On September 8, 2023, as reported in the ‘Racing Post’, Billy Loughnane rode Lambert, trained by George Boughey, to a comfortable victory in a novice stakes race at Kempton, taking his career total to 95 and thereby riding out his remaining 3lb claim. Loughnane, who only turned 17 on March 2, 2023, had his first ride in public on Starfighter, trained by his father, Mark, at Newcastle on October 24, 2022, and rode his first winner, Swiss Rowe, also trained by Loughnane Snr., at a fog-bound Wolverhampton on November 28, 2022.

 

‘Billy The Kid’ joined the senior ranks just over nine months later, a feat made all the remarkable for the fact that he spent a few weeks in the United States riding work for Anna Meah, whose husband David is a friend of his father, in February, 2023, and a few more on the sidelines, having suffered a fractured thumb in a stalls incident at Nottingham on July 21, 2023. Loughnane broke through, in dramatic fashion, in early 2023, riding 23 winners in January, 11 more in March, following his Stateside sabbatical, and being crowned champion all-weather apprentice, with a total of 41 winners, at the All-Weather Vase meeting at Lingfield Park, on April 7, 2023.

 

At the last count, the rising star of the weighing room had ridden a total of 89 winners in 2023, so far, 16 of which were saddled by his father. Since the start of the apprentice jockeys’ championship on May 6, 2023, he has, at the time of writing, ridden 44 winners, giving him a lead of 12 over his nearest rival, defending champion Benoit de la Sayette, with 40 days left until British Champions Day at Ascot on October 21, 2023.

Who was John Thomas McNamara?

The late John Thomas ‘J.T.’ McNamara, who died at his home in County Limerick on July 26, 2016, at the age of 41, was one of the finest amateur jockeys in the history of National Hunt racing.
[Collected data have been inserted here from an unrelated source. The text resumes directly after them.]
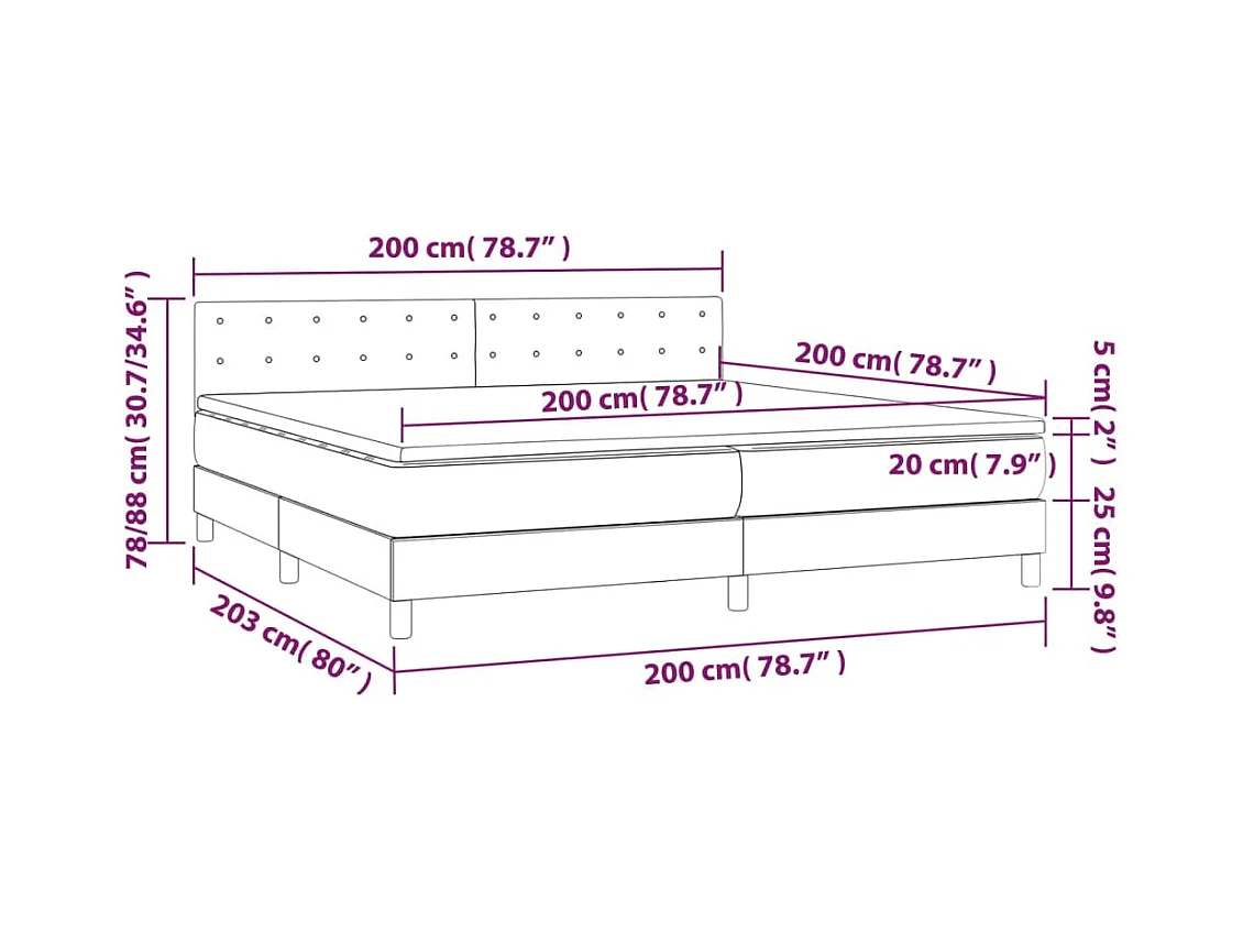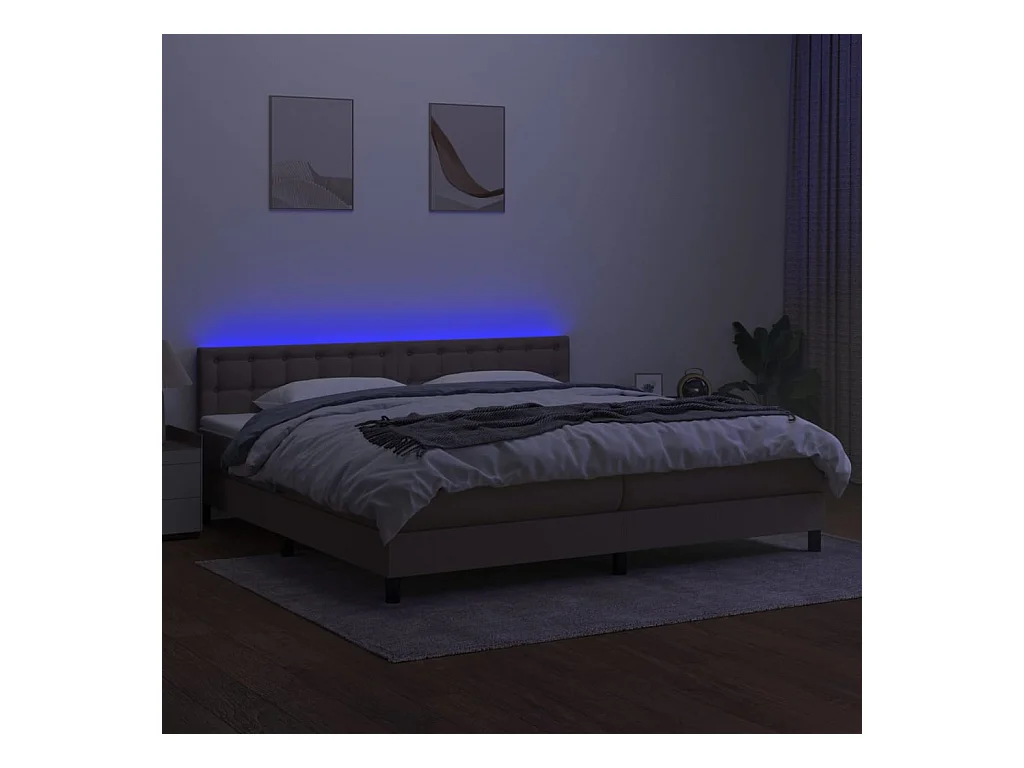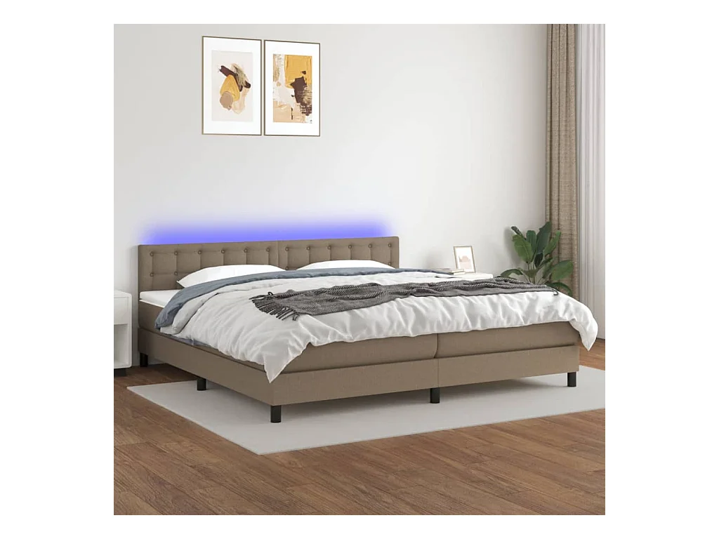 Sommier à lattes de lit et matelas et LED Taupe 200x200 Tissu
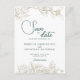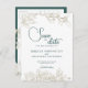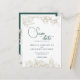 Elegante rosa botánico y floral de oro y diseño follaje Boda Guardar la postal de invitación de fecha con un tipo de letra de guión y un tema de color verde esmeralda. Personalizar con los detalles de su día especial.
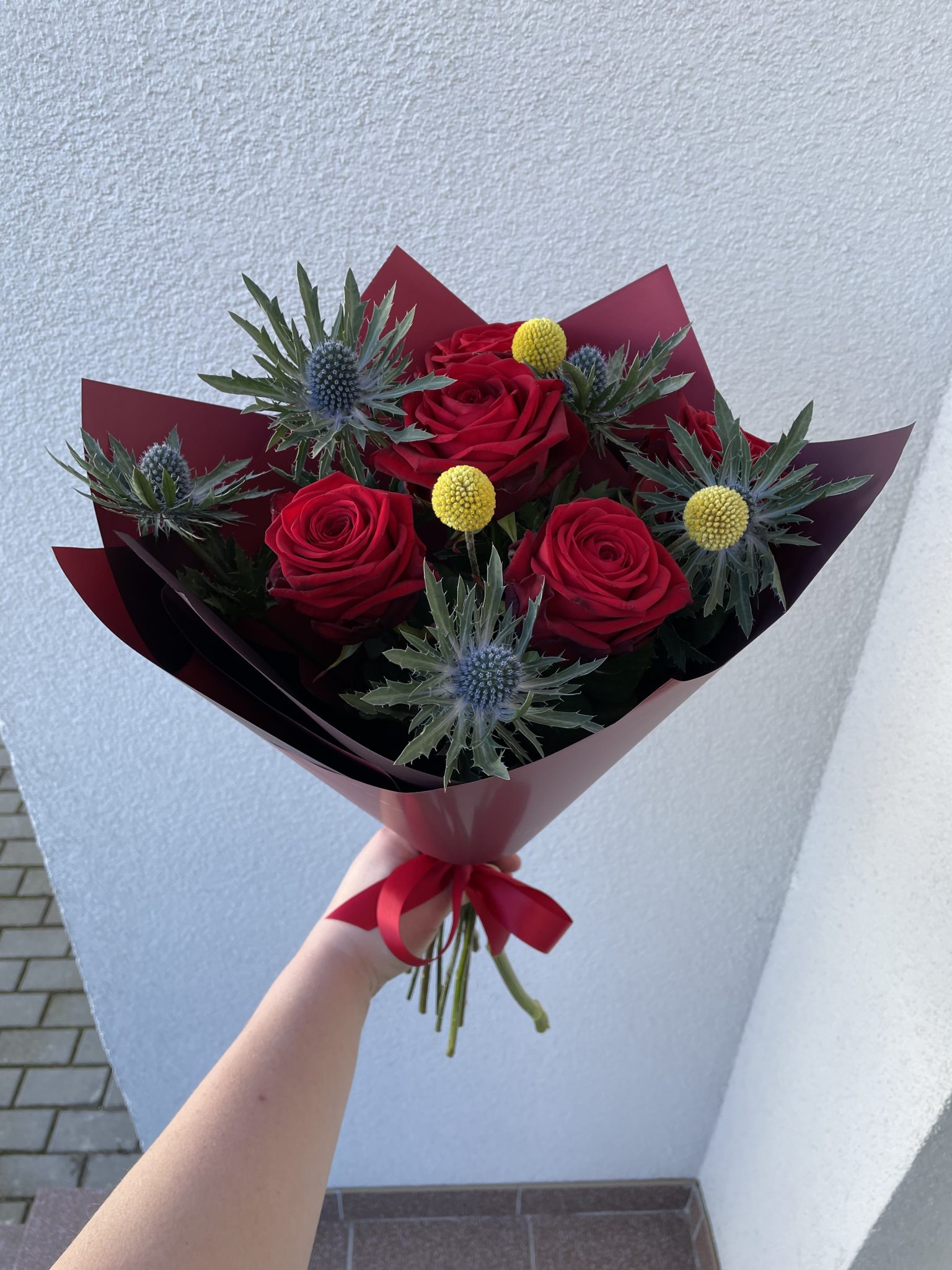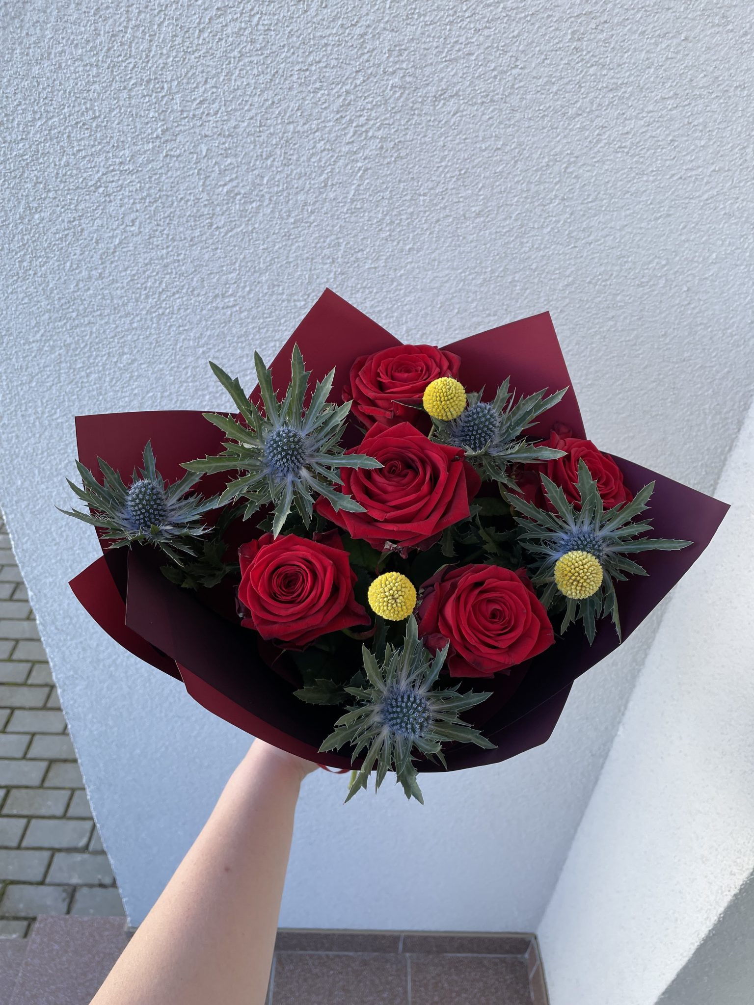 Įvairių gėlių puokštė iš 11 žiedų: Red Naomi karališkos rožės, geltonos kraspedijos ir mėlynos ežiukų šakelės.

On March 14, 2013, McNamara suffered a calamitous injury when his mount, Galaxy Rock, fell at the first fence in the Fulke Walwyn Kim Muir Challenge Cup at the Cheltenham Festival. He fractured the C3 and C4 vertebrae in his neck, which led to him being placed into a medically-induced coma and left him paralysed from the neck down. Three years later, he suffered complications arising from the injury, which ultimately led to his untimely death.

Although officially an ‘amateur’, McNamara blurred the lines between the unpaid and paid ranks. Indeed, at the time of his death, Tony McCoy, the most successful jump jockey in the history of National Hunt racing, said of McNamara, ‘He was every bit as experienced as me and probably as talented as I am.’ One reason the Limerick man chose not to turn professional, although eminently talented enough, was that to do so would require wasting below his natural body weight of 10st 7lb or thereabouts.

Nevertheless, according to Horse Racing Ireland (HRI), McNamara rode 602 winners in the point-to-point sphere, but plenty more under Rules at home and abroad. He was a particularly potent force at Cheltenham, where he rode 16 winners from 64 rides, at a strike rate of 24%, and over £350,000 in prize money. At the Cheltenham Festival, he won the National Hunt Chase twice, on the enigmatic Rith Dubh, trained by Jonjo O’Neill, in 2002, and Teaforthree, trained by Rebecca Curtis, in 2012, the Cross Country Chase on Spotthedifference, trained by Enda Bolger, in 2005 and the Foxhunter Chase on Drombeag, also trained by O’Neill, in 2007. All bar Teaforthree were owned by John Patrick ‘J.P.’ McManus.